COLUMBUS, Ohio (WCMH) – Will Ohio’s legal sports gaming program be ready for its scheduled January launch?
Don’t bet on it.
Sources said the Ohio Lottery Commission’s proposed rules are getting so much pushback from businesses and potential sports betting outlets that they might have to be rewritten.
The problem is the cash-out rules.
The rules require the sports gaming sites bot be ready to pay out, in cash, to gambling winners as soon as the sporting event ends.
For a small business on a big sporting event night, that could mean having tens of thousands of dollars in cash on hand.
The Ohio branch of the National Federation of Independent Business said that’s financially impossible for some small business owners, and it also sets sports betting operators up as targets for robberies.
New numbers show more than 1,000 Ohio businesses are interested in being licensed sports betting establishments.
“It shows that they know their customers are demanding that product and they want to be able to deliver that,” said Chris Ferruso with the National Federation of Independent Business. “I’m fearful that a lot of our members, our small businesses, are going to say, after they understand the rules, ‘This is too much of a risk for me to take on.
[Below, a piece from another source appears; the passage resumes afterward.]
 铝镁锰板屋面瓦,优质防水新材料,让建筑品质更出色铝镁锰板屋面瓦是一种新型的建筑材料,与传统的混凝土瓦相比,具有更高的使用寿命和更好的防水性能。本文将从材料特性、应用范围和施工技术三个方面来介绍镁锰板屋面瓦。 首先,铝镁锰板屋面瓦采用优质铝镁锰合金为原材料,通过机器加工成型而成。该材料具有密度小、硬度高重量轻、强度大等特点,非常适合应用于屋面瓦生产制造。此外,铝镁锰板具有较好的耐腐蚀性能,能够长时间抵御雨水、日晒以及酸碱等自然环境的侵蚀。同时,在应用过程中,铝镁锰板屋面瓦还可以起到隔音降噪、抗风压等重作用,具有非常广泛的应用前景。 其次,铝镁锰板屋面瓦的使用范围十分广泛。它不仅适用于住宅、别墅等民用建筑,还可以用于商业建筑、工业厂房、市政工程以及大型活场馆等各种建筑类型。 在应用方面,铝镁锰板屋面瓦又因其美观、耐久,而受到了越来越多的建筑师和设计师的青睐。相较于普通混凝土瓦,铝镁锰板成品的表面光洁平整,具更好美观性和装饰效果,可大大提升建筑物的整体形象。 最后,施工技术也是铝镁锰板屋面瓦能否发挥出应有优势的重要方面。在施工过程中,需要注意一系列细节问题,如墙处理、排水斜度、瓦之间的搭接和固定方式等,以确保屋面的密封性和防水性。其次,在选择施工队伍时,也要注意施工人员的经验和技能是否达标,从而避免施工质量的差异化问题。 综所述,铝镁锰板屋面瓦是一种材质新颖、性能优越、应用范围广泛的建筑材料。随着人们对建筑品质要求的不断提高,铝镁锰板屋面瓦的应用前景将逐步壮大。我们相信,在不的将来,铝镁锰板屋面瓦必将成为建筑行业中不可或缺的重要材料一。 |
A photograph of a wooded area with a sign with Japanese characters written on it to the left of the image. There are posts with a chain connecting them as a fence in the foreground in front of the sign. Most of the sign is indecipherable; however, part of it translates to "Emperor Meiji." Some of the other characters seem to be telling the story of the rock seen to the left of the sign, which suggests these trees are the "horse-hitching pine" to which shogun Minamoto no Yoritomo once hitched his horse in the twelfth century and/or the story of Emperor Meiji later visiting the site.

This is too much of a liability for me to take on.’”
The Ohio Grocers Association is also objecting to the rule that would require sports bettors to cash in their winning tickets at the place of purchase, cutting out the 600 Ohio grocery stores that are already Ohio lottery outlets.
The Ohio Lottery Commission, however, said its plans to launch sports betting in January remain on track but continues to work out the details when it comes to compensating players.
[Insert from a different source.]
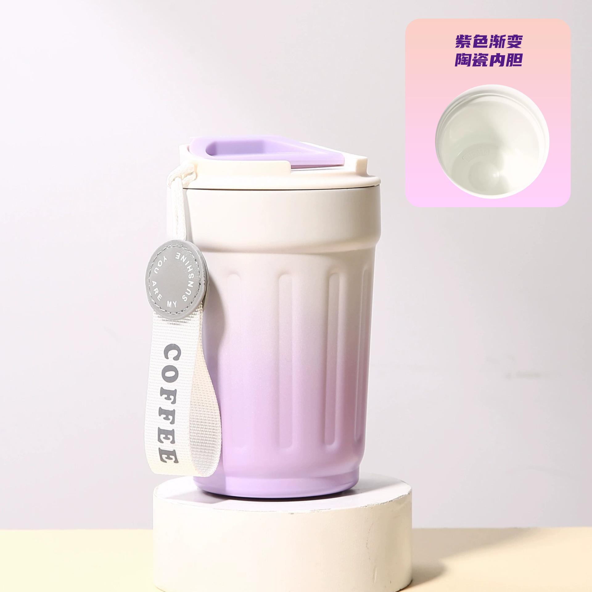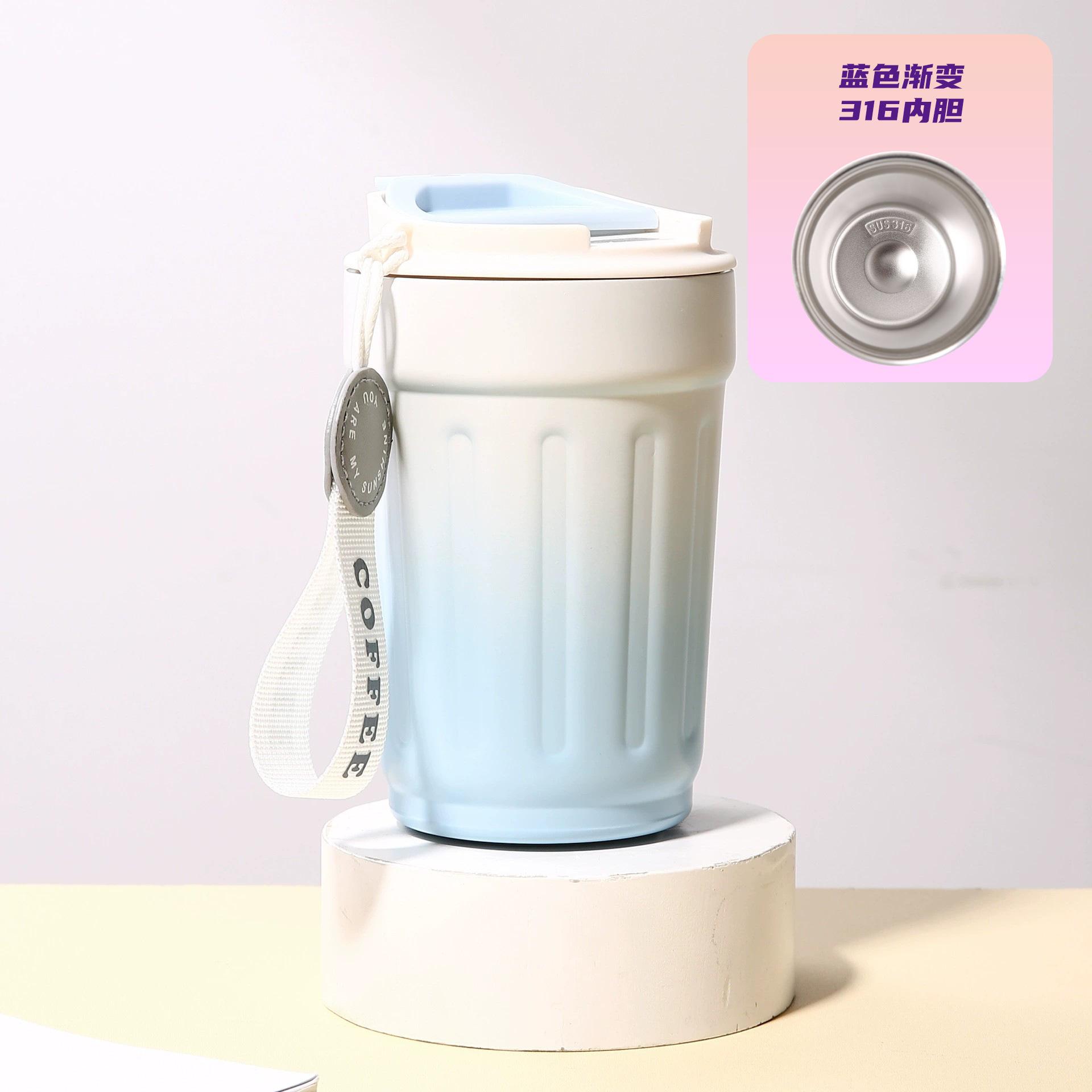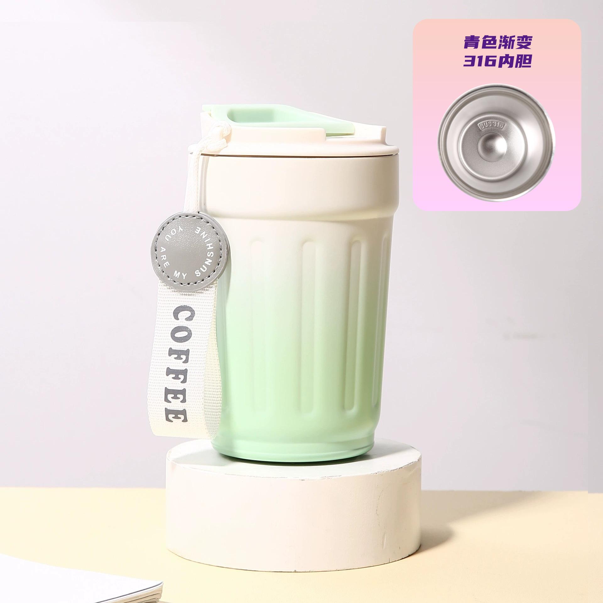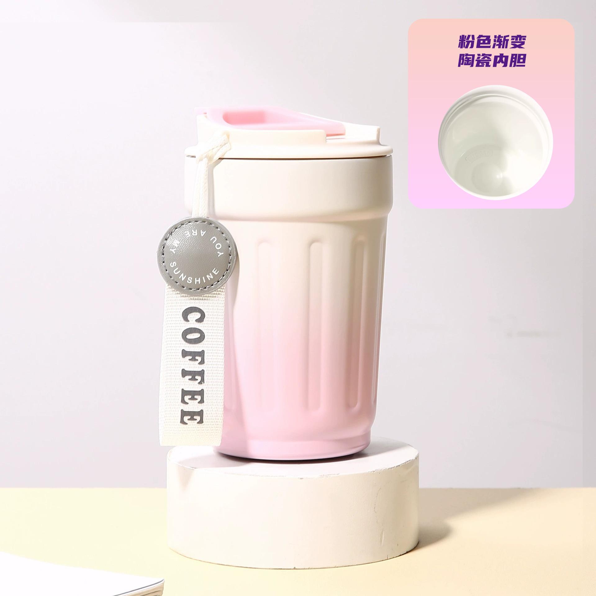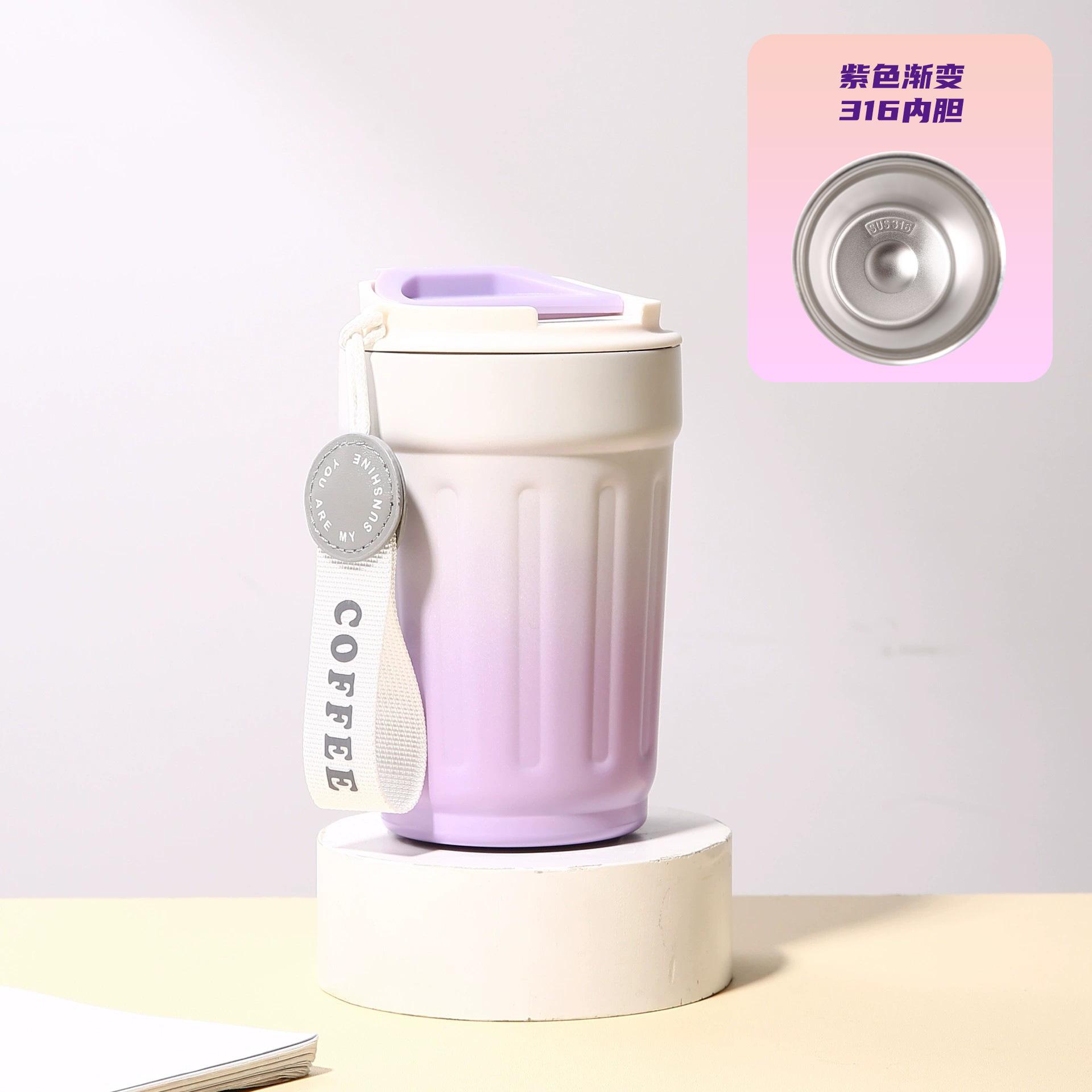 Taza de café con revestimiento de cerámica y taza de vacío de acero inoxidable 316 de alta apariencia con cuerda, taza de agua portátil con gradiente para niña

Sports betting locations are recommended under Ohio law to provide cash prizes of $600 or less at its betting locations, but the commission said hosts can choose to limit the amount of prizes they’re willing to cash.
“Just like with traditional lottery, ensuring that players receive their sports gaming prizes promptly is crucial to the success of the new type C sports gaming program and we continue to encourage proprietors to propose as many cashing options as possible,” the commission said in a statement.
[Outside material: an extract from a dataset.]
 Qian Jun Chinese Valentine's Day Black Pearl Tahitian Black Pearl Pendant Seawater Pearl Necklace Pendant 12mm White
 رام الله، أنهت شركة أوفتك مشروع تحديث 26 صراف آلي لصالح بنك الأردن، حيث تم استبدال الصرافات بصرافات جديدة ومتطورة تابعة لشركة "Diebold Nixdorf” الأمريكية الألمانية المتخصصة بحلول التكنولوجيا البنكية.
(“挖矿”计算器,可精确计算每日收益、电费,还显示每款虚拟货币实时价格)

Read the full statement from the Ohio Lottery Commission below:
The Lottery is on track to launch sports betting on the universal start date of January 1, 2023. Just like with traditional lottery, ensuring that players receive their sports gaming prizes promptly is crucial to the success of the new type C sports gaming program and we continue to encourage proprietors to propose as many cashing options as possible. Proprietors may choose to offer validation options at non-host locations; however, until the proprietors are licensed and propose their solutions, we cannot state with certainty how validations and cashing through multiple systems will be accomplished compared to traditional lottery cashing processes that utilizes one provider. Despite technological hurdles connecting multiple systems, we do hope to offer expanded cashing capabilities for type C sports gaming in the future and will work with all of the proprietors on a solution, but it will not be operational on the universal start date.
When the Legislature passed House Bill 29, it authorized the Ohio Casino Control Commission (OCCC) to license up to 20 type C sports gaming proprietors and tasked the Lottery with contracting with the licensed proprietors to offer type C sports gaming at licensed host locations. Currently, the Lottery is working through the CSI and JCARR rulemaking processes to implement its duties under the new law to ensure that type C sports gaming is conducted with the utmost integrity, just as all lottery games have been since the Lottery’s inception in 1974.
The prize payment rule referenced is based off of Ohio Revised Code Section 3770.25 (C) that articulates the methods by which a player may receive their lottery sports gaming prizes. One of those methods is “in cash at any type C sports gaming host” and for security purposes, the rule clarifies that payments in-cash at a host should be of $600 or less, just like current practices with traditional lottery prizes. However, it should be noted that this is not a mandatory requirement and hosts may choose to limit the amount of prizes they’re willing to cash. Additionally, all hosts and proprietors must comply with the minimum internal controls and security standards that are articulated in both the OCCC and Lottery’s rules and operating procedures.